### TASK TO COMPLETE
Transcribe, starting at the line with "校舎の中にある桜が満開です。きれいな桜色と木の形もきれいです。" and ending at the line with "萬士益】MAS-28PC32/RA-28PC32(含基本安裝) PC32旗艦系列 一級變頻冷專冷氣", every line of the material below exactly, but leave out the pictures and anything outside that span.

### RECORD EXCERPTS

[Start of Attachment]

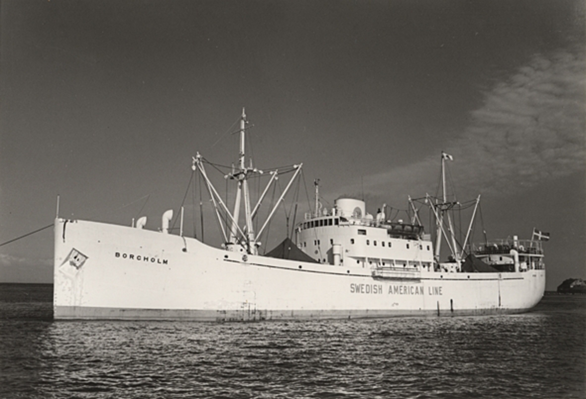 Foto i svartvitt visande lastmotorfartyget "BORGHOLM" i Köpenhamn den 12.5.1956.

[End of Attachment]
[Start of Attachment]

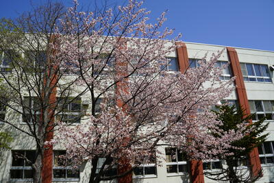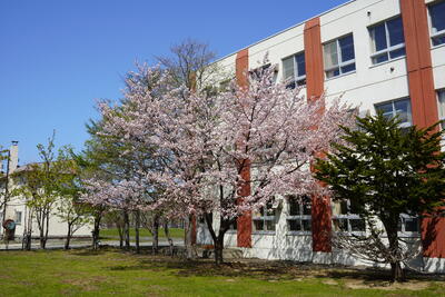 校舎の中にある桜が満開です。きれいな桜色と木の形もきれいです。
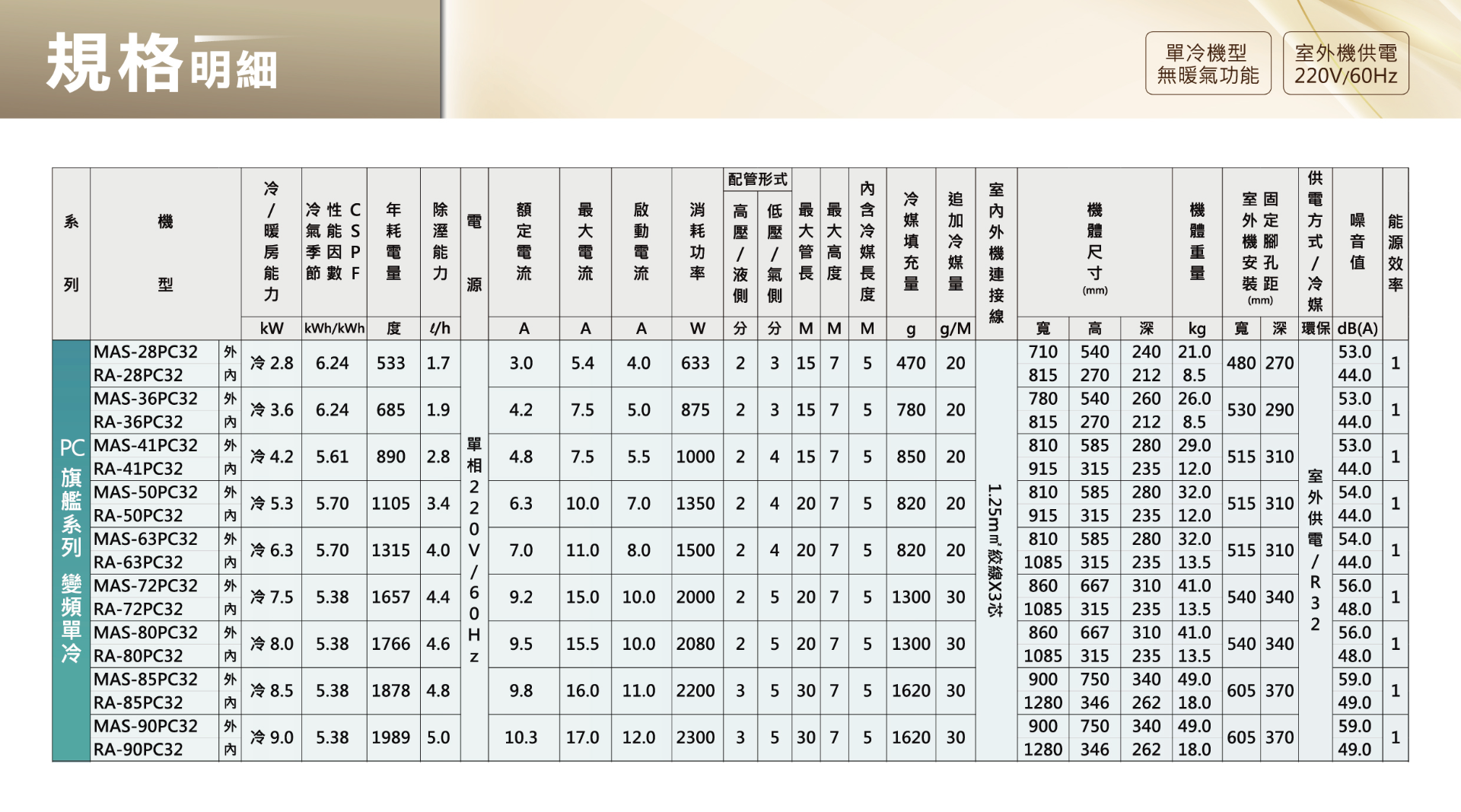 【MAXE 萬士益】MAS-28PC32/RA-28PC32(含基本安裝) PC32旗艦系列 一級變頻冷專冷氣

[End of Attachment]
[Start of Attachment]

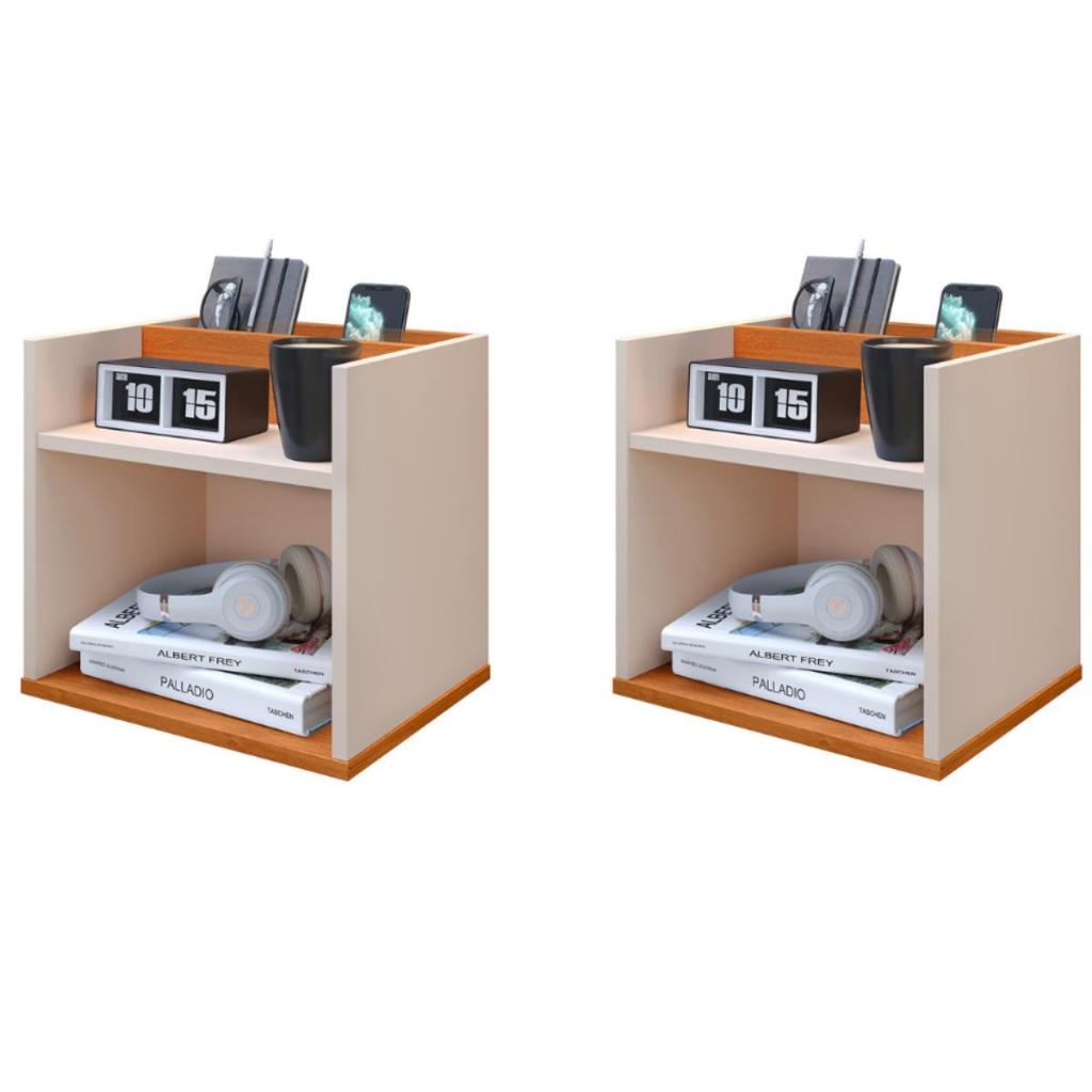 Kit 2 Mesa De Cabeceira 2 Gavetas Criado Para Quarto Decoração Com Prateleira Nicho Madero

[End of Attachment]

### RESULT OF THIS TASK
 校舎の中にある桜が満開です。きれいな桜色と木の形もきれいです。
 【MAXE 萬士益】MAS-28PC32/RA-28PC32(含基本安裝) PC32旗艦系列 一級變頻冷專冷氣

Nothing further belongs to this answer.